- _Records supplied_:
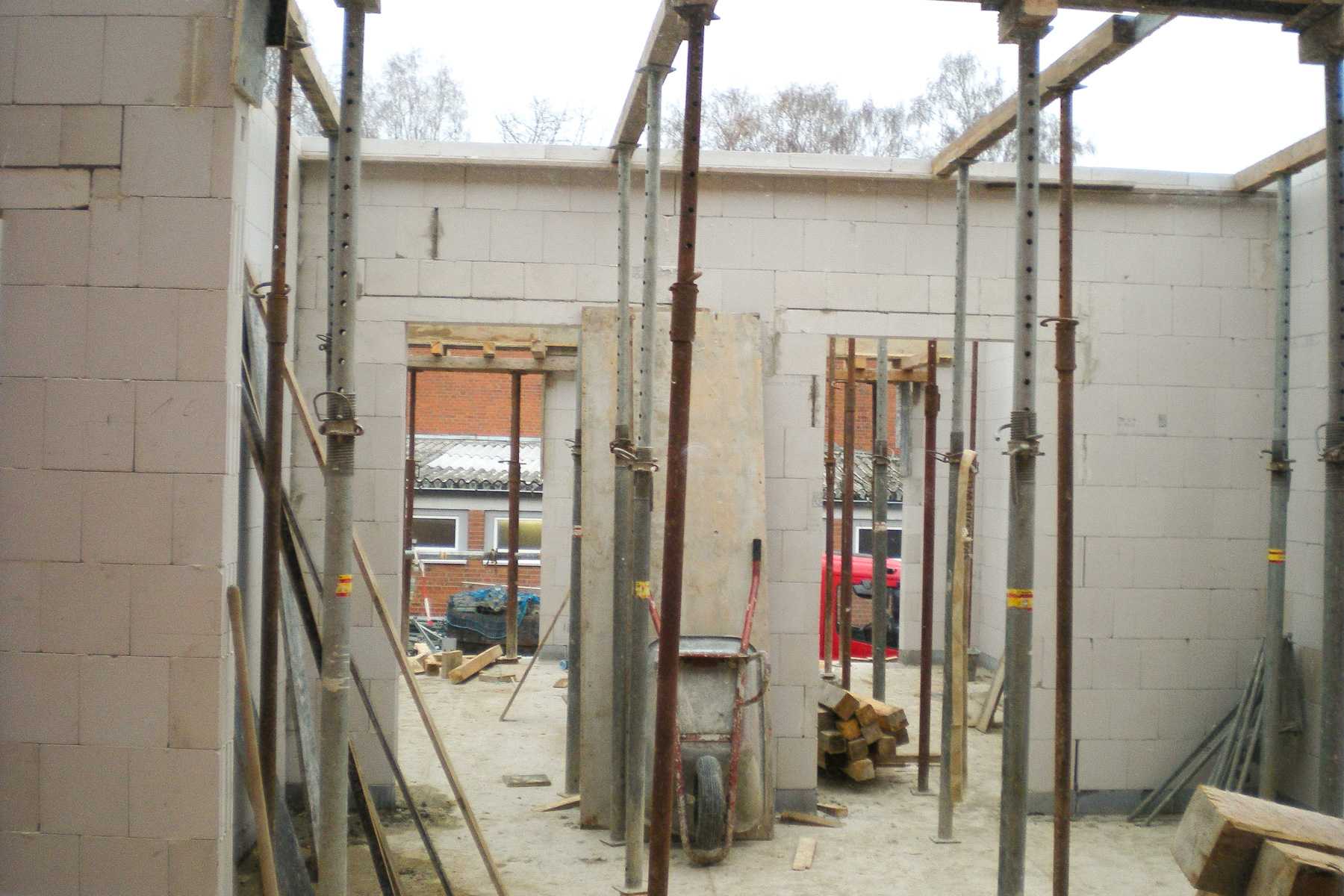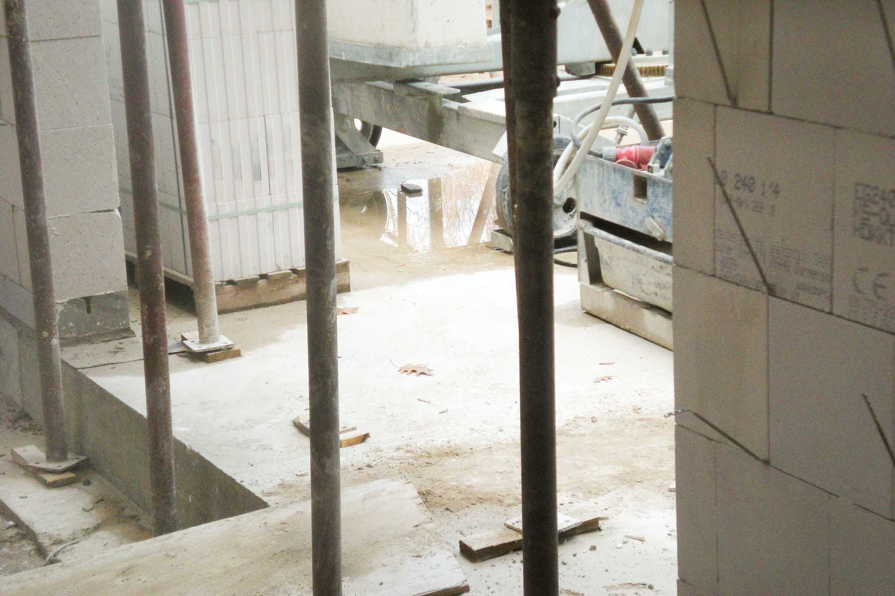 Von unserem Beobachtungsposten aus dem ersten Stock kann man jetzt sehr gut die Räume erkennen. Wir finden die sehen ein wenig kleiner aus, als wir sie uns vorgestellt haben. Wir haben uns aber erklären lassen, dass das von oben natürlich nur so wirkt, und dass die Räume alle ganz unterschiedliche Funktionen haben werden. So wird es zum Beispiel auch eine barrierefreies Badezimmer geben.
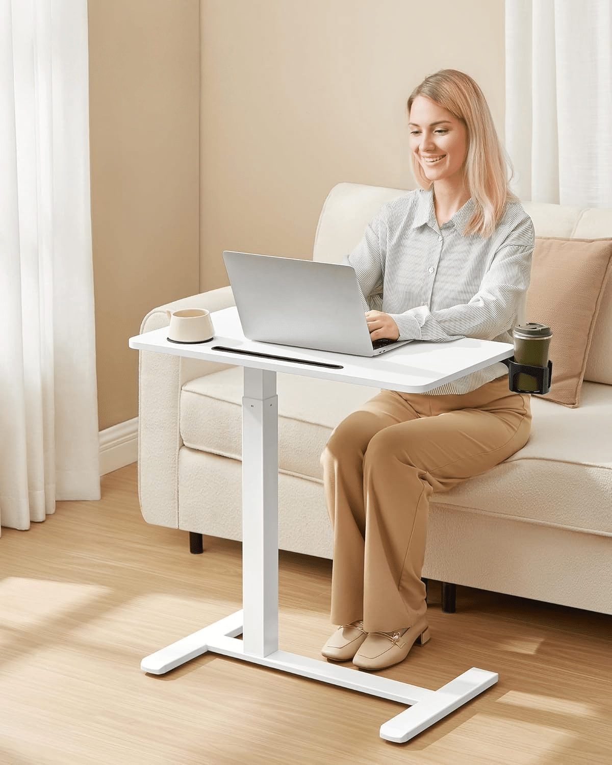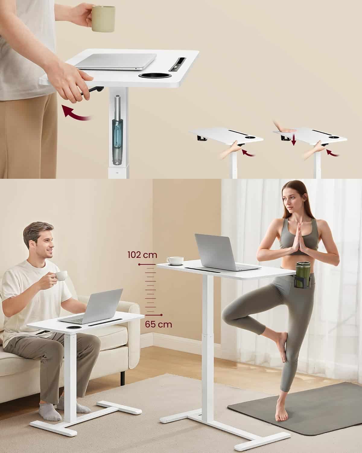 Zahvaljujući kvalitetnom ugrađenom gasnom mehanizmu i praktičnoj ručici, visinu stola možete jednostavno podesiti od 64 do 102 cm, i to samo jednom rukom. Tako sto lako prilagođavate radu na laptopu, čitanju ili gledanju sadržaja.
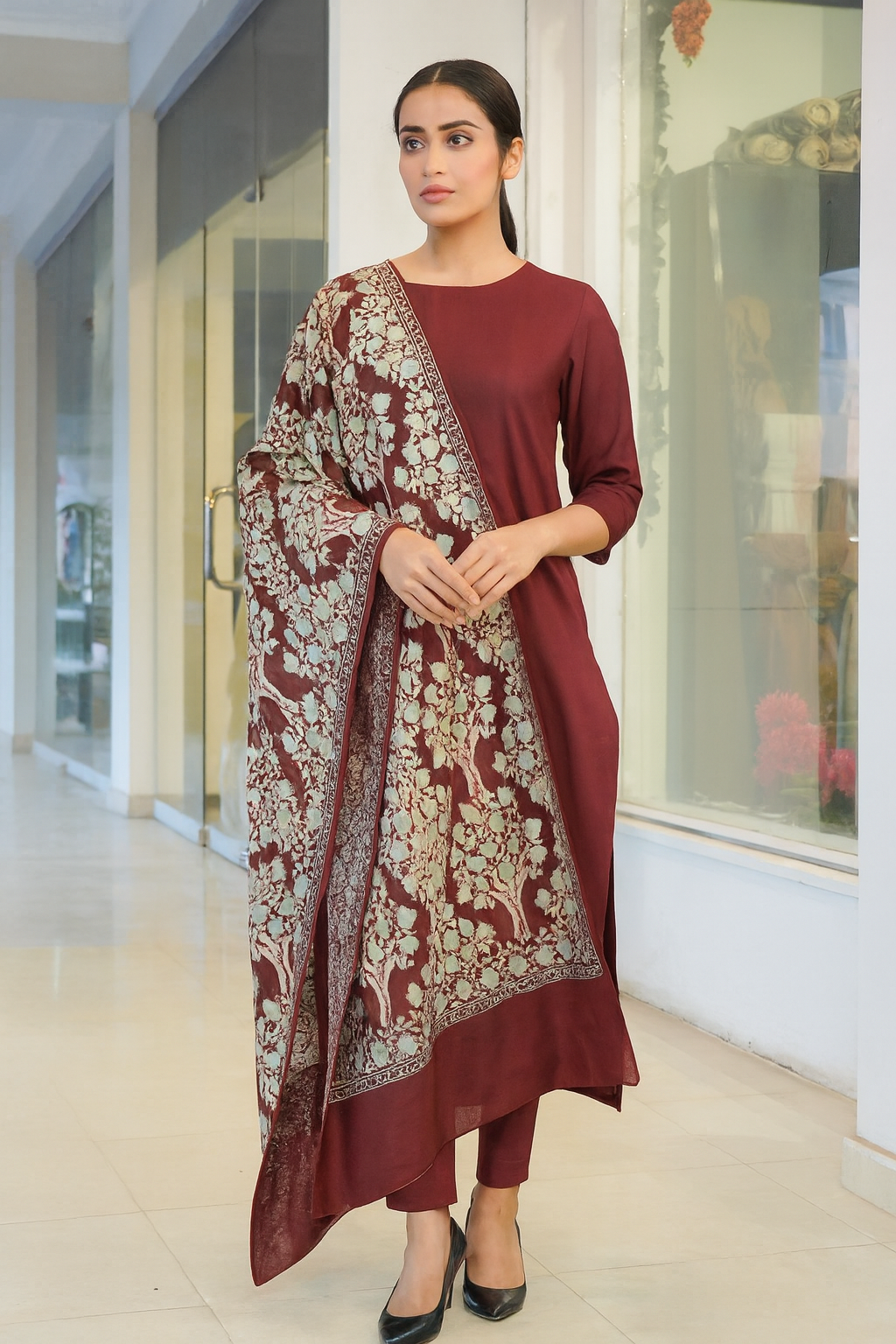 Wrap yourself in timeless luxury with our exquisitely embroidered pashmina shawl, featuring a detailed tree motif in subtle beige on a rich maroon base. Crafted from high-quality pashmina, this full-length shawl (2.5 meters) offers both warmth and grace, making it a versatile statement piece for any season.
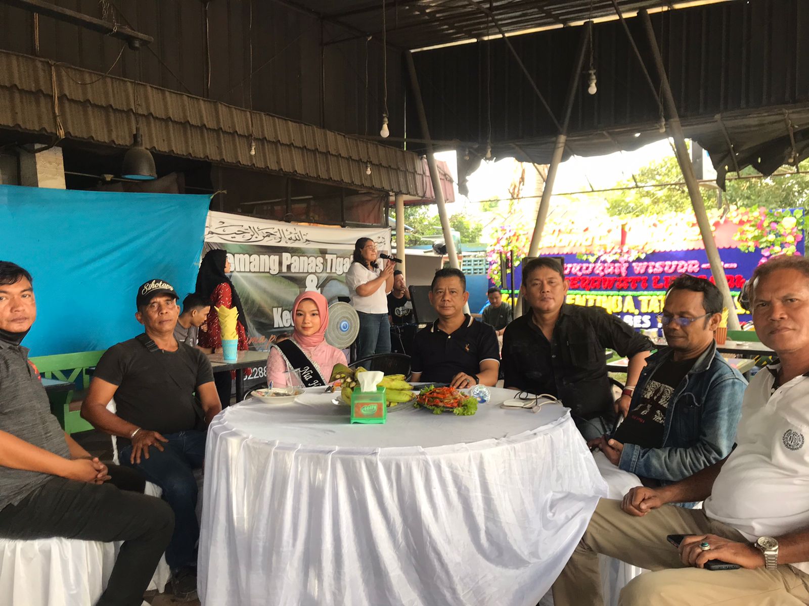 Karang bunga ucapan selamat itu tertulis ditujukan kepada Sekretaris Media Online Pewarta. co, Nia Herawati Lubis, S. Ak yang mengadakan syukuran atas wisudanya di Cafe Me And You, Jalan Jamin Ginting Simpang Selayang tersebut, Sabtu (2/7/2022).
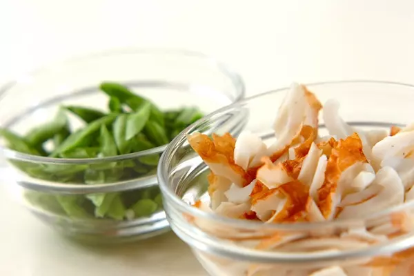 ・ちくわは縦半分に切り、さらに厚さ5mmの斜め薄切りにする。
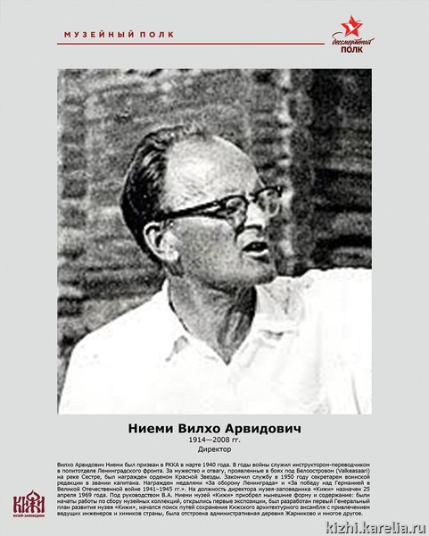 Рубрику «Кижский музейный полк» — о тех, кто воевал на Великой Отечественной и посвятил себя служению культуре после войны — продолжает второй директор музея-заповедника «Кижи» Вилхо Арвидович Ниеми (1914—2008).
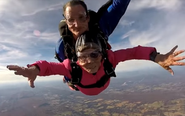 В США 94-летняя женщина Элла Кэмпбелл отпраздновала свой день рождения прыжком с парашютом. Помог ей совершить прыжок инструктор, который сопровождал ее все время. Видео полета женщины было обнародовано на YouTube-канале Above the Poconos Skydivers.
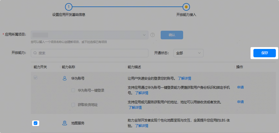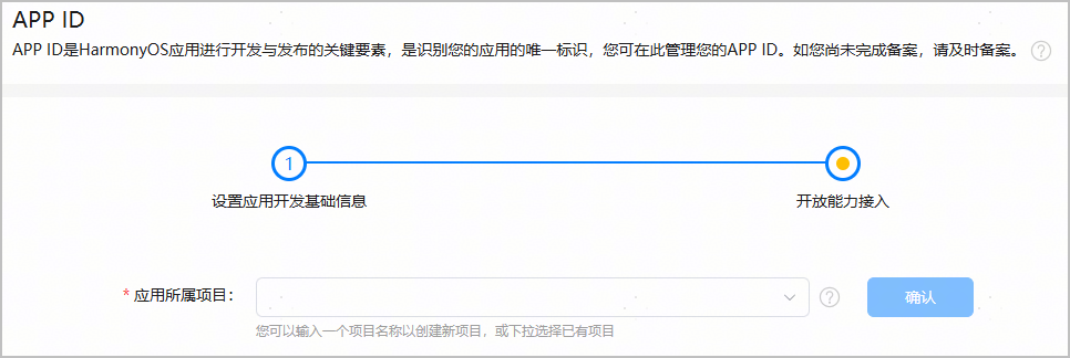 在“开放能力接入”页面,为应用选择所属的项目,完成后点击“确认”,应用 APP ID 即成功创建。
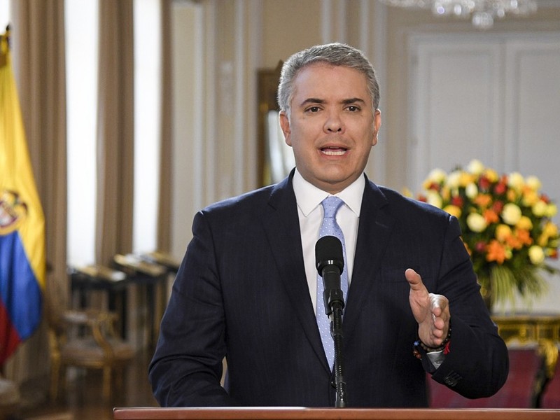 Ngay buổi chiều cùng ngày 29/8, Tổng thống Colombia Ivan Duque đã có bài phát biểu trên truyền hình, tuyên bố trao thưởng 3 tỷ peso Colombia (1 peso Colombia có giá khoảng 0,00029 đô la Mỹ) cho ai bắt giữ được các cựu thành viên FARC như Ivan Marquez, người đã tuyên bố tái tổ chức lực lượng vũ trang. Ông Duque nói Colombia không chấp nhận bất kỳ hình thức đe dọa nào. Ông cũng cáo buộc nhóm Marquez được sự ủng hộ của “chính phủ nước ngoài”, nhân danh tổ chức lại lực lượng vũ trang, thực tế là “tham gia vào các hoạt động tội phạm”. Ảnh dưới: Tổng thống Ivan Duque tuyên bố trao thưởng 3 tỷ peso cho việc bắt giữ ông Ivan Marquez.
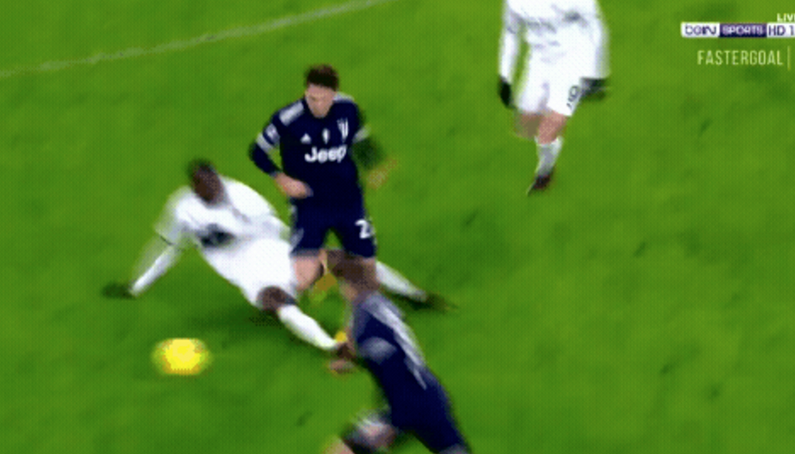 [거친 파울로 넘어지는 유벤투스 키에사.....gif] 오비앙의 거친 태클에 발 찍힌 키에사.... 출처 : 뉴락싸_이나경
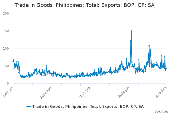 Download this time seriesTrade in Goods: Philippines: Total: Exports: BOP: CP: SA
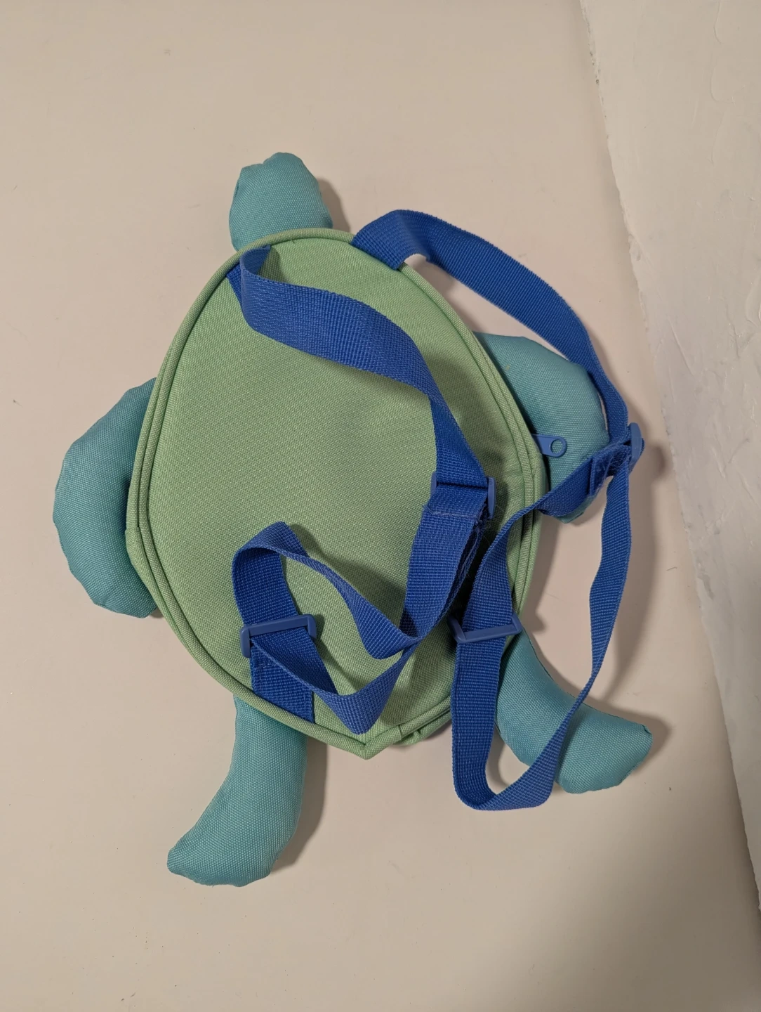 A cute turtle backpack for kids! It features a green shell with a floral design and blue straps and limbs. Perfect for carrying small items on adventures
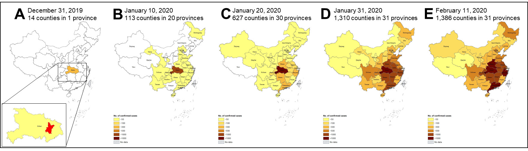 通过对报告病例的发病日期进行回顾性分析,还原了新冠肺炎确诊病例在五个不同时段全国地理分布变化情况。截至2月11日,全国31个省份的1386个县区共报告44672例确诊病例(湖北占74.7%,图2 E),其中,有0.2%的病例发病日期在2019年12月31日之前,病例均在湖北(图2 A);有1.7%的病例发病日期在1月10日之前,分布在20个省份的113个县区,其中湖北占88.5%(图2 B);有13.8%的病例发病日期在1月20日之前,分布在30个省份的627个县区,其中湖北占77.6%(图2 C);有73.1%的病例发病日期在1月31日之前,分布在31个省份的1,310个县区,其中湖北占74.7%(图2 D)。
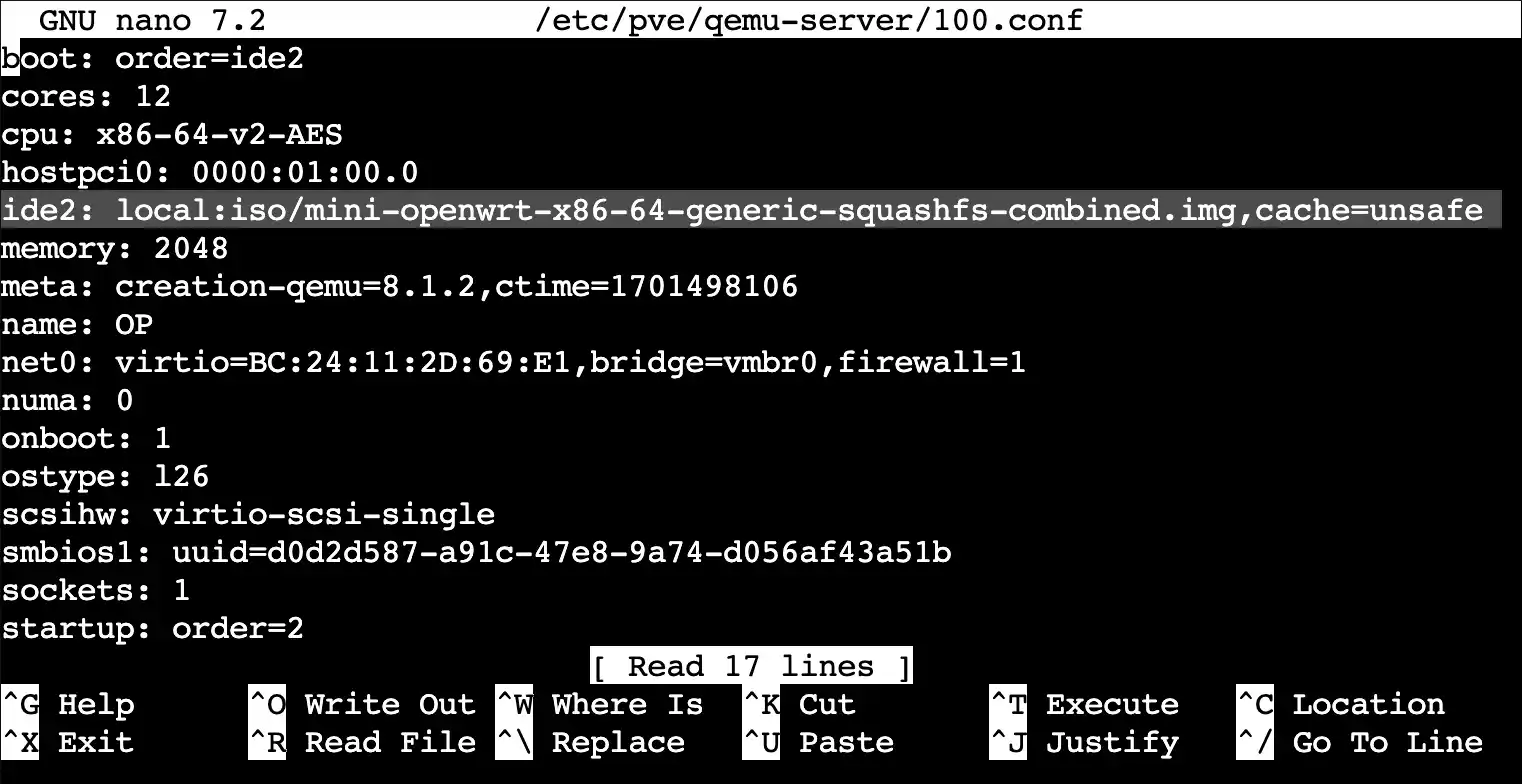在 PVE 下 `Shell` 输入 1 nano /etc/pve/qemu-server/[虚拟机编号].conf

- _Exercise description_: Copy each line of the listing exactly, skipping any picture.

- _Task result_:
 Von unserem Beobachtungsposten aus dem ersten Stock kann man jetzt sehr gut die Räume erkennen. Wir finden die sehen ein wenig kleiner aus, als wir sie uns vorgestellt haben. Wir haben uns aber erklären lassen, dass das von oben natürlich nur so wirkt, und dass die Räume alle ganz unterschiedliche Funktionen haben werden. So wird es zum Beispiel auch eine barrierefreies Badezimmer geben.
 Zahvaljujući kvalitetnom ugrađenom gasnom mehanizmu i praktičnoj ručici, visinu stola možete jednostavno podesiti od 64 do 102 cm, i to samo jednom rukom. Tako sto lako prilagođavate radu na laptopu, čitanju ili gledanju sadržaja.
 Wrap yourself in timeless luxury with our exquisitely embroidered pashmina shawl, featuring a detailed tree motif in subtle beige on a rich maroon base. Crafted from high-quality pashmina, this full-length shawl (2.5 meters) offers both warmth and grace, making it a versatile statement piece for any season.
 Karang bunga ucapan selamat itu tertulis ditujukan kepada Sekretaris Media Online Pewarta. co, Nia Herawati Lubis, S. Ak yang mengadakan syukuran atas wisudanya di Cafe Me And You, Jalan Jamin Ginting Simpang Selayang tersebut, Sabtu (2/7/2022).
 ・ちくわは縦半分に切り、さらに厚さ5mmの斜め薄切りにする。
 Рубрику «Кижский музейный полк» — о тех, кто воевал на Великой Отечественной и посвятил себя служению культуре после войны — продолжает второй директор музея-заповедника «Кижи» Вилхо Арвидович Ниеми (1914—2008).
 В США 94-летняя женщина Элла Кэмпбелл отпраздновала свой день рождения прыжком с парашютом. Помог ей совершить прыжок инструктор, который сопровождал ее все время. Видео полета женщины было обнародовано на YouTube-канале Above the Poconos Skydivers.
 在“开放能力接入”页面,为应用选择所属的项目,完成后点击“确认”,应用 APP ID 即成功创建。
 Ngay buổi chiều cùng ngày 29/8, Tổng thống Colombia Ivan Duque đã có bài phát biểu trên truyền hình, tuyên bố trao thưởng 3 tỷ peso Colombia (1 peso Colombia có giá khoảng 0,00029 đô la Mỹ) cho ai bắt giữ được các cựu thành viên FARC như Ivan Marquez, người đã tuyên bố tái tổ chức lực lượng vũ trang. Ông Duque nói Colombia không chấp nhận bất kỳ hình thức đe dọa nào. Ông cũng cáo buộc nhóm Marquez được sự ủng hộ của “chính phủ nước ngoài”, nhân danh tổ chức lại lực lượng vũ trang, thực tế là “tham gia vào các hoạt động tội phạm”. Ảnh dưới: Tổng thống Ivan Duque tuyên bố trao thưởng 3 tỷ peso cho việc bắt giữ ông Ivan Marquez.
 [거친 파울로 넘어지는 유벤투스 키에사.....gif] 오비앙의 거친 태클에 발 찍힌 키에사.... 출처 : 뉴락싸_이나경
 Download this time seriesTrade in Goods: Philippines: Total: Exports: BOP: CP: SA
 A cute turtle backpack for kids! It features a green shell with a floral design and blue straps and limbs. Perfect for carrying small items on adventures
 通过对报告病例的发病日期进行回顾性分析,还原了新冠肺炎确诊病例在五个不同时段全国地理分布变化情况。截至2月11日,全国31个省份的1386个县区共报告44672例确诊病例(湖北占74.7%,图2 E),其中,有0.2%的病例发病日期在2019年12月31日之前,病例均在湖北(图2 A);有1.7%的病例发病日期在1月10日之前,分布在20个省份的113个县区,其中湖北占88.5%(图2 B);有13.8%的病例发病日期在1月20日之前,分布在30个省份的627个县区,其中湖北占77.6%(图2 C);有73.1%的病例发病日期在1月31日之前,分布在31个省份的1,310个县区,其中湖北占74.7%(图2 D)。
在 PVE 下 `Shell` 输入 1 nano /etc/pve/qemu-server/[虚拟机编号].conf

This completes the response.